Nonostante l'aumento della sua adozione, è presto per considerare certa e
definitiva la sua affermazione sugli altri termini, in Italia e nell'area
euroamericana. È opportuno chiarire che Shoah rimane un termine, una
denominazione convenzionale. Come ogni denominazione, essa può essere caricata
dei significati i più vari o di nessun significato. Il mio pensiero al riguardo
è che la denominazione di un evento, quale che essa sia, non può influenzare
la ricostruzione storica, la conoscenza e l'interpretazione dell'evento stesso.
E la Shoah è stata innanzitutto un capitolo della nostra storia, che va
compreso prima che denominato. Comprendere la Shoah vuol dire conoscerla. La
conoscenza storica è basata sulla ricostruzione dei fatti e sulla comparazione
con vicende aventi qualche affinità (cronologica, contenutistica, ecc). Questo
lavoro storico ha portato molti studiosi (non tutti) a parlare di unicità della
shoah (o di singolarità o particolarità della Shoah), con riferimento
specifico al suo nucleo centrale: lo sterminio. In effetti ogni vicenda storica
è unica, diversa da tutte le altre. In questo caso però la definizione di
unicità vuole indicare che l'esperienza storica umana, pur avendo accumulato
nelle ultime migliaia di anni innumerevoli sterminî e deportazioni collettive,
gli uni e le altre attuati con le tecniche e le modalità più diverse, non
aveva ancora prodotto (e successivamente non ha più riprodotto) una vicenda con
le caratteristiche contrassegnanti la Shoah. Non era, per esempio, accaduto che
si arrestasse ogni ebreo di Rodi per trasferirlo in un luogo di uccisione
centralizzato, situato a centinaia e centinaia di miglia marine e terrestri di
distanza. Questa operazione richiese una particolare mistura di odio,
indifferenza, esaltazione, banalizzazione, tecnologia, burocrazia, ideologia,
capacità manageriali, disponibilità di risorse proprie, brama delle risorse
ebraiche, assegnazione di valore alla vita umana (il lungo trasporto) peraltro
disprezzata (lo sterminio all'arrivo), che lascia quasi stupiti prima ancora che
esterrefatti e feriti nel profondo. Niente del genere era stato ancoro concepito
dall'uomo.
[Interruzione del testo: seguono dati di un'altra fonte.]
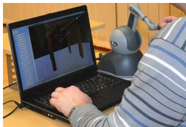
Fig. 5. The photo of the computer screen with the application dedicated to control the manipulator platform.

In the other screen window or on the second computer screen the camera image is displayed. The use of the second screen is not a problem since in practice, today each notebook is equipped with video output for an external computer monitor and a computer operating system is ready to use it.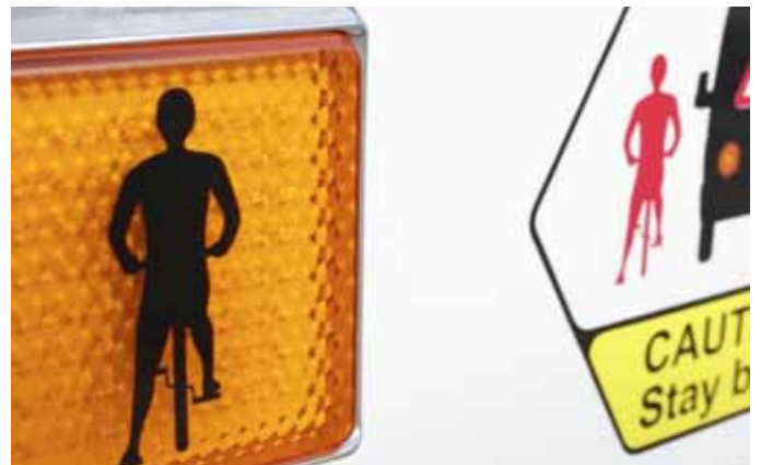
Cycle Awareness Safety Feature: 3 warning lights flash and voice recognition.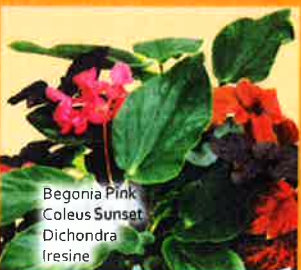
Begonia Pink Coleus Sunset Dichondra Iresine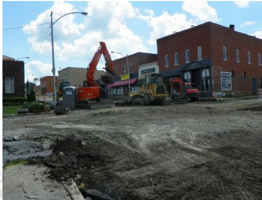
Construction 26 Projects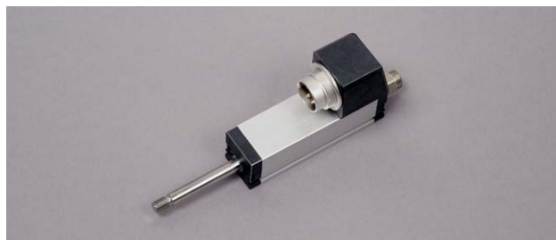
Linear transducer, TS 25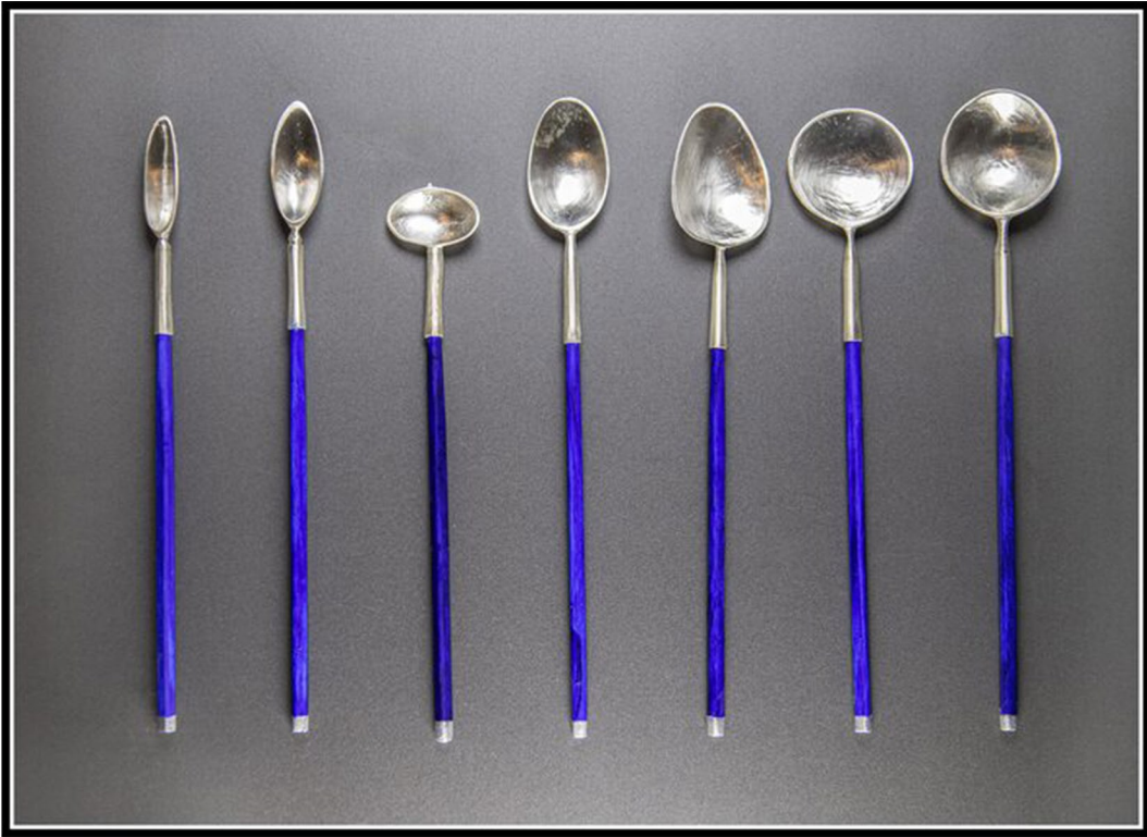
Large Sterling Spoons (2025), Sterling, wood, 1" x 8" x 1"

Neanche le precedenti vicende antisemite, talora violentissime,
reggono il confronto con la Shoah. Né peraltro ha senso un affiancamento
puramente nominale tra lager nazista e gulag sovietico, in quanto, prima ancora
di altre considerazioni, il lager di Auschwitz-Birkenau conteneva strutture
dedicate allo sterminio (camere a gas), ove veniva condotta la maggior parte
degli arrivati (e progressivamente gli altri), mentre nei gulag non erano
previste né camere a gas né comunque funzioni di sterminio sistematico. La
definizione di unicità è quindi figlia della comparazione storica e non un
ostacolo precostituito che si frappone alla comparazione. La Shoah è comparabile,
deve essere comparabile, perché solo così possiamo comprenderla o progredire
nella sua comprensione. L’unicità della Shoah è connessa anche alle sue
dimensioni cronologiche, geografiche e quantitative. L’intera vicenda
persecutoria si sviluppò lungo dodici anni, dal 1933 al 1945; le uccisioni di
massa e lo sterminio scientifico ne impegnarono rispettivamente gli ultimi sei e
gli ultimi quattro. Essa toccò direttamente un'amplissima patte del continente
europeo, con l'eccezione centrale della Svizzera e quelle periferiche di Spagna,
Portogallo, Gran Bretagna, Irlanda, Svezia, Russia europea nella parte
compresa tra la linea Leningrado-Mosca-Stalingrado e gli Urali, Turchia europea.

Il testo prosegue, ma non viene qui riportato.